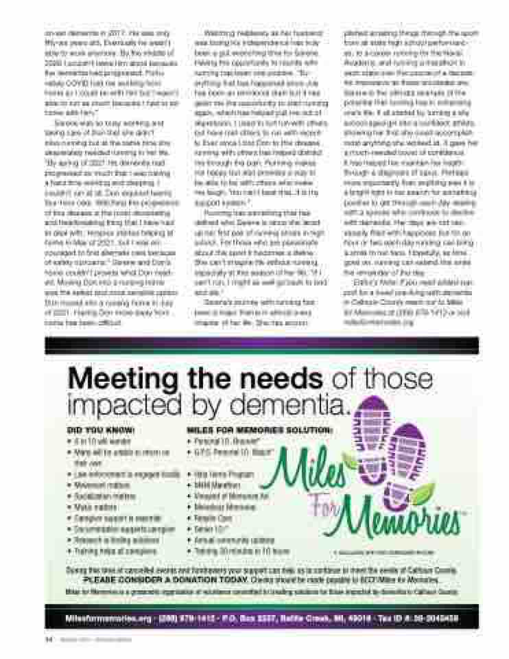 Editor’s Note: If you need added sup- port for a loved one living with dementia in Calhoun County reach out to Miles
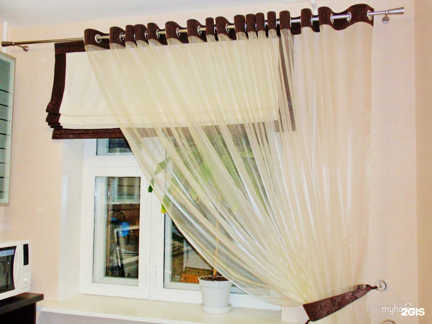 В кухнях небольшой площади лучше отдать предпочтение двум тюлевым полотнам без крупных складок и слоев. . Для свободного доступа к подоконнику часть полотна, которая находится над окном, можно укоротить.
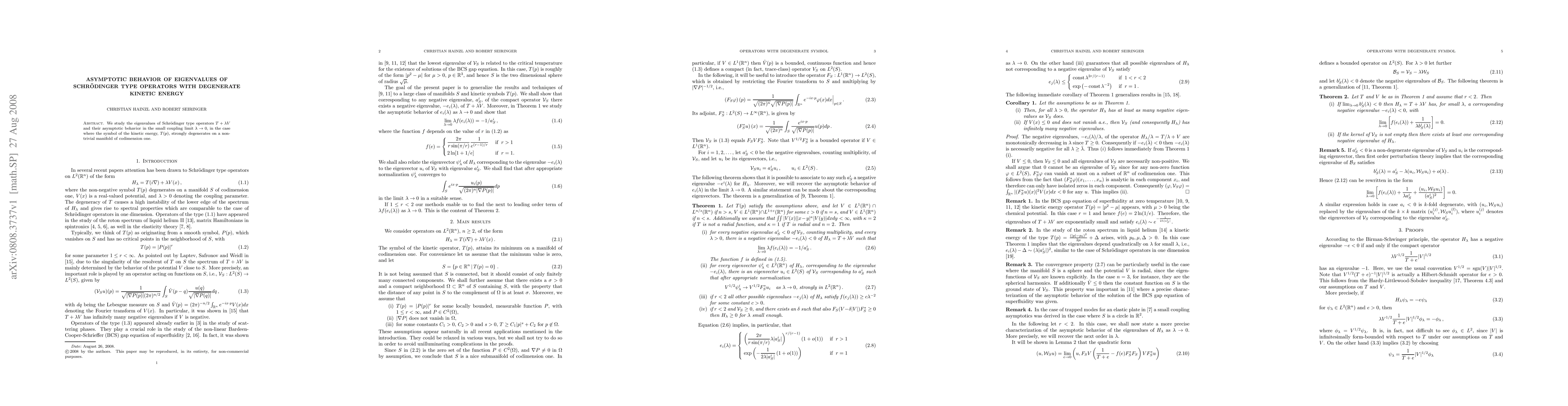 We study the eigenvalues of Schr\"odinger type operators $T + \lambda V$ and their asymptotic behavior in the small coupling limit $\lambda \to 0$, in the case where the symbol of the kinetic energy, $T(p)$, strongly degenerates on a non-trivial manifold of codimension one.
______________________________
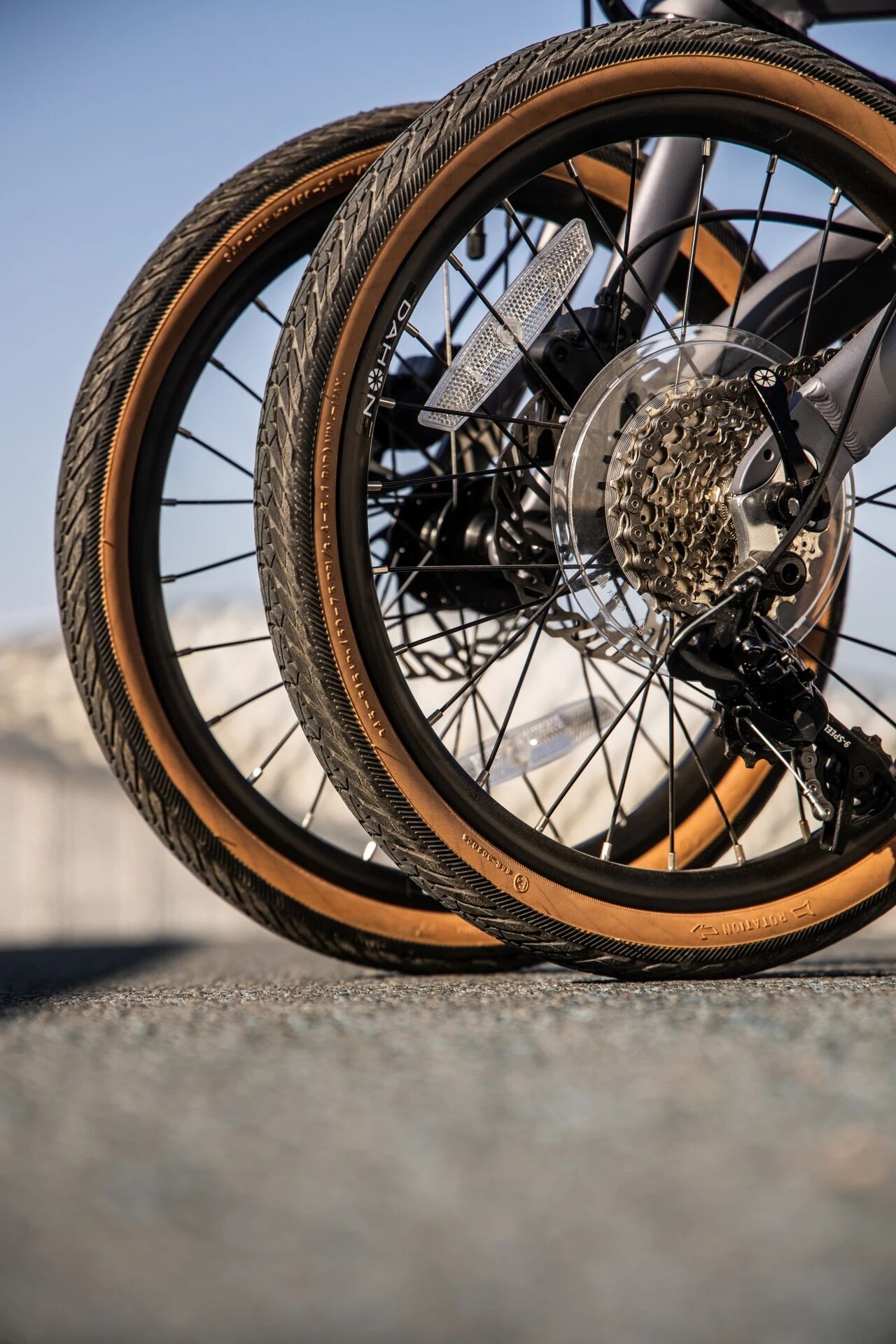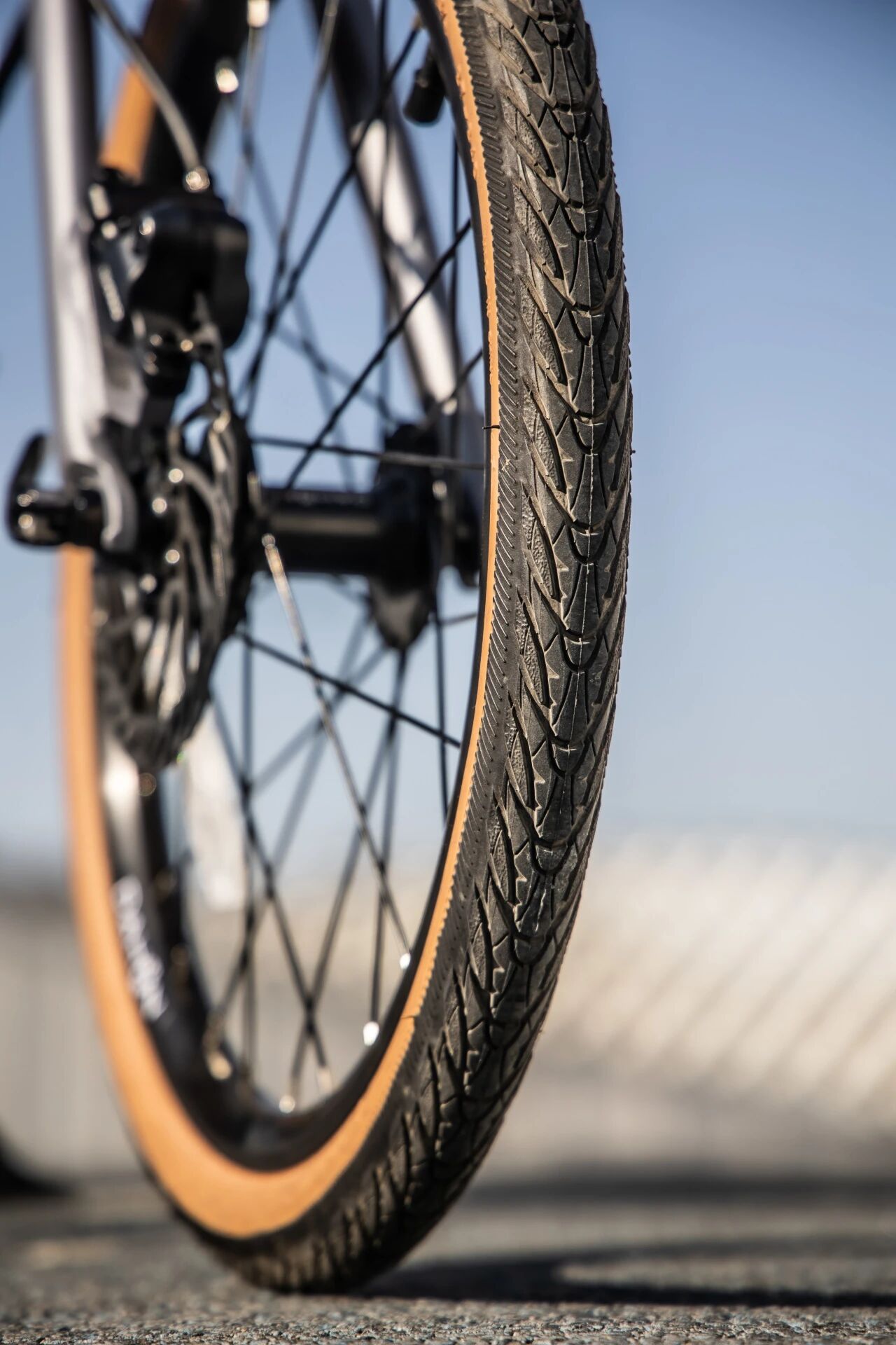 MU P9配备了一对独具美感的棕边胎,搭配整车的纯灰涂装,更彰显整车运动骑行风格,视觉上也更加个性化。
______________________________
Task details:
In the data above, retype only the stretch from the line with "Editor’s Note: If" through the line with "We study the", word for word, and skip any pictures.

Worked solution:
 Editor’s Note: If you need added sup- port for a loved one living with dementia in Calhoun County reach out to Miles
 В кухнях небольшой площади лучше отдать предпочтение двум тюлевым полотнам без крупных складок и слоев. . Для свободного доступа к подоконнику часть полотна, которая находится над окном, можно укоротить.
 We study the eigenvalues of Schr\"odinger type operators $T + \lambda V$ and their asymptotic behavior in the small coupling limit $\lambda \to 0$, in the case where the symbol of the kinetic energy, $T(p)$, strongly degenerates on a non-trivial manifold of codimension one.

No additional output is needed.